Is there is a related formula that gives more intuitive results, such that the two answers have different signs but the same magnitude?
 A: So after quite a lot of research, I ended up on calculating price changes in microeconomics. This excellent video from KhanAcademy discusses my problem exactly, but for prices instead of quantities.  
The formula used in economics for calculating a percentage change is as follows:  
(For a quantity going from 45 to 430)
$$ \frac{430 - 45}{Avg(430,45)} \times 100 = 162\% $$
(For a quantity going from 430 to 45)
$$ \frac{45 - 430}{Avg(45,430)} \times 100 = -162\% $$
The value of the percentage for all the changes will range from -200% to 200%, and it's reflective too.
That's one solution.
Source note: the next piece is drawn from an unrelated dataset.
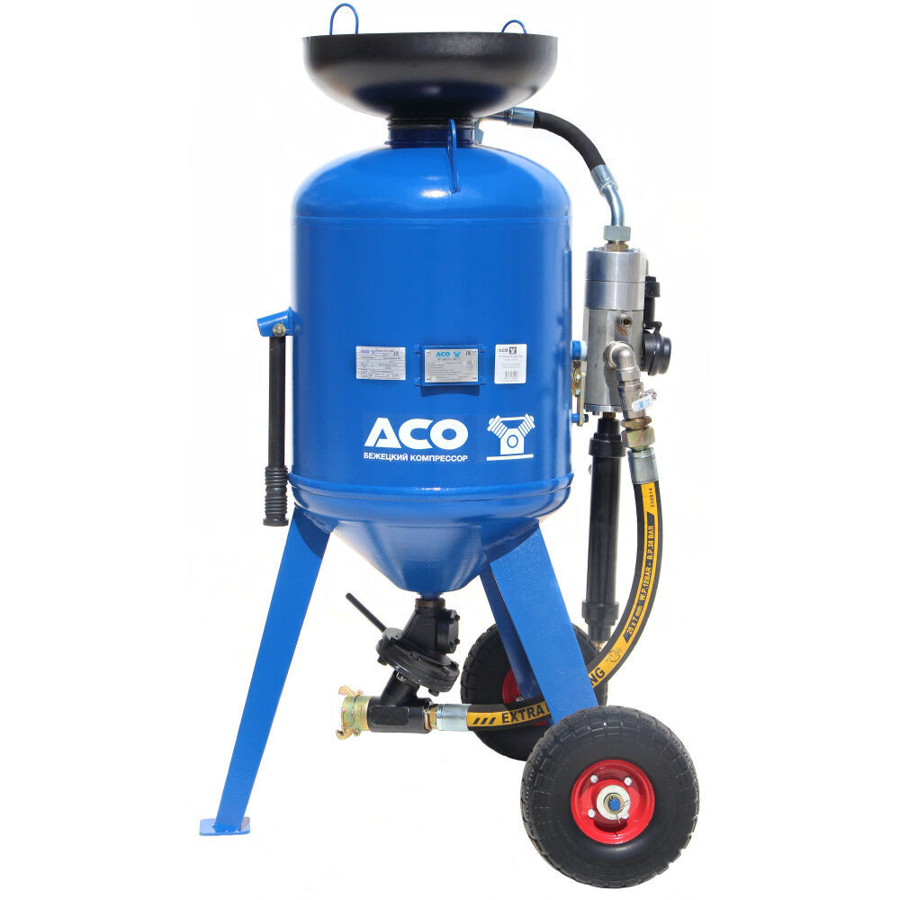 Аппарат струйной очистки АСО-100 представляет собой устройство, состоящее из ресивера, образующего рабочую камеру аппарата, загрузочного бункера с сеткой, дозатора абразива и блока управления.

Feel free to post your own.
A: *

*The relative change (percentage change) from $x_1$ to
$x_2,$ where $x_1\ne0,$ is $$\frac{x_2-x_1}{|x_1|}.\tag1$$ For example,
the relative change from $\,-100\,$ to $\,-70\;$ is $\,30\%.$

*The relative difference (percentage difference) between $x$
and $y,$ scaled by $f(x,y),$ where $f(x,y)\ne0,$ is
$$\left|\frac{x-y}{f(x,y)}\right|.\tag2$$ For example, the relative
difference between $\,-100\,$ and $\,-70,$ scaled by their
arithmetic mean, is $\,35.3\%,$ while their relative difference, scaled by their geometric mean, is $\,35.9\%.$
Technically, the formula that you want is neither $(1)$ nor $(2)$ nor $$\frac{x-y}{f(x,y)},\tag3\\f(x)=\operatorname{ArithmeticMean}(x,y)$$ (as suggested in your self-Answer), but rather $$\frac{x-y}{|f(x,y)|}.\tag4$$
Expressions $(3)$ and $(4)$ coincide when $f(x,y)$ is positive.